Because a security decision without friction is just resilience without reality.
Since I’ve been more involved in blue team operations and the corresponding decision making processes, it has been similar to the experience of waking up, going into the shower, turning on the hot water and being shocked into reality with an avalanche of ice cubes.
That feeling of reality being the opposite of your expectation, reminded me of when I stood on the side lines as an advisor or when I performed offensive operations and had to agree on rules of engagement, scope and if we would attack production or not. There are many opinions on if you should target production or not, my personal opinion is that performing attacks on production are the the only way to have the most assurance that all measures and processes are working as intended. With this, I don’t exclude performing certain tests on test or acceptance environments first due to many reasons we are all well aware of.
Now, the above paragraph is an example of the reluctance of touching production. This reluctance and paradox on improvement versus impact, exists as well and even more on the defense side as we will see later on in this blog post.
This fear is usually exhibited, with the following question:
…but what if you bring the system down or disrupt our business process?
Which on itself is a very valid question to ask. However, what usually followed, in the same breath, always seemed a bit off for me. Because in a lot of situations it ended with:
We cannot permit the slightest down-time or business impact due to security testing.
Which, again, on itself is a valid concern or statement. However, if we add the context of: are you then prepared to quickly recover if it goes down due to an actual attacker? It changes what a valid answer could be.
For me back then that answer provided an unexpected insight. We feel more comfortable prioritizing a stable environment based on assumptions, than a resilient environment based on reality.
What I was and still am really missing is the replacement of fear with the realisation that it is an opportunity to improve the resilience of those systems and processes. You have the best ingredients to achieve this, since you know and work with the attackers.
If something goes down you CAN actually perform root cause analysis with the ‘attackers’ being part of that process. Yes, you will still incur business loss or said in business terms ‘paying your resilience premium’. However, if properly executed and used as an opportunity to improve you will have less losses during a real attack.
The usual way forward is of course to build in a myriad of cautious technical & process steps to minimize the chances of the security test bringing down the system in scope and/or impact the business process. Which basically leaves the brittleness in the same state as before the test.
There is no friction for the decision maker, the entirety of the risk can in the offensive example be offloaded to the testers or the systems can be taken out of scope, that’s it, problem solved.

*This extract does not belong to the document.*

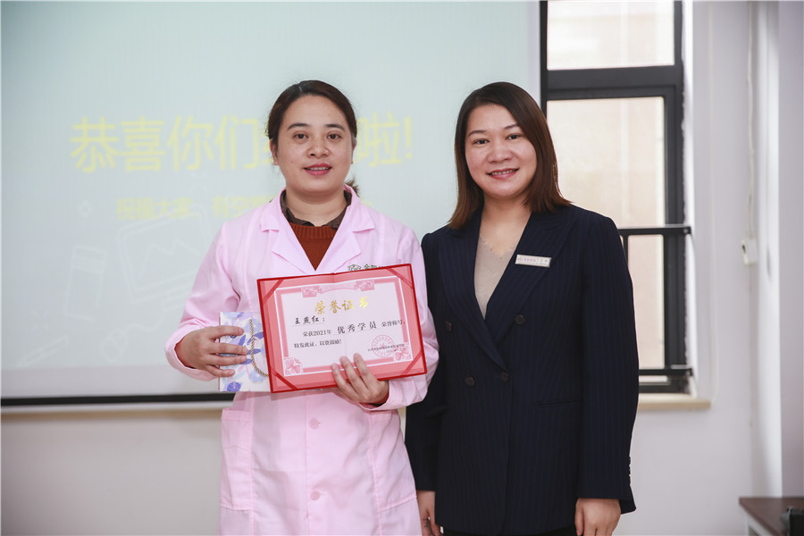 在一片掌声中,班长廖宜平荣获“优秀班干部”荣誉称号,王燕红、周晓利荣获“优秀学员”称号。“能来到金职伟业学习是一个十分正确的决定,打开了我迈进母婴行业的大门,今后我将继续在这个行业发展,希望能与大家一同努力,相互帮助,实现人生价值。”廖宜平分享道。

If we now switch back to the blue team side, I see that same frictionless decision making playing out. A different example, but the same thought process, is the classical:
* Allow response on all employees
* Exclude certain employees due to business impact
The second decision is frictionless you don’t have to take any further action or think about it. You’ll just deal with it, if it ever happens. The first decision creates friction since it forces you to think about:
* What parts of the work flow of that employee are the really important aspects of their workflow and how can you facilitate that workflow while at the same time responding to an incident on their workstation or account?
For example, what if the critical process of their workflow is email. And we would be able to understand that 30m of email downtime is acceptable? This would give the blue team 30m to isolate and if not resolved at least allow the email connection to carry-on, accepting the risk of that being part of the attacker communication flow, but preventing all other communication.
The answer is a lot of time “business impact” without really fully defining it, since after all, it is easier to choose the option with the least amount of friction.
We must start to define 'business impact' together; the business and the security teams. Otherwise we will forever be stuck in a frictionless decision process.
As long as we don’t change this mindset on the blue team side, no amount of tools will truly help us. AI as well as many other forms of automation have the capability to change the game at scale for defense, but they won’t achieve their full potential if we don’t change our decision making processes.
Makes you ponder if the following could be true, since instinctively it contradicts the mantra of making security frictionless to achieve greater outcome. My personal opinion is that to get to invisible & effective security you need to put in the effort (friction) to truly understand the problem space.
The Law of Frictionless Security: If a security decision requires no change to a business process, it likely provides no change to your actual resilience.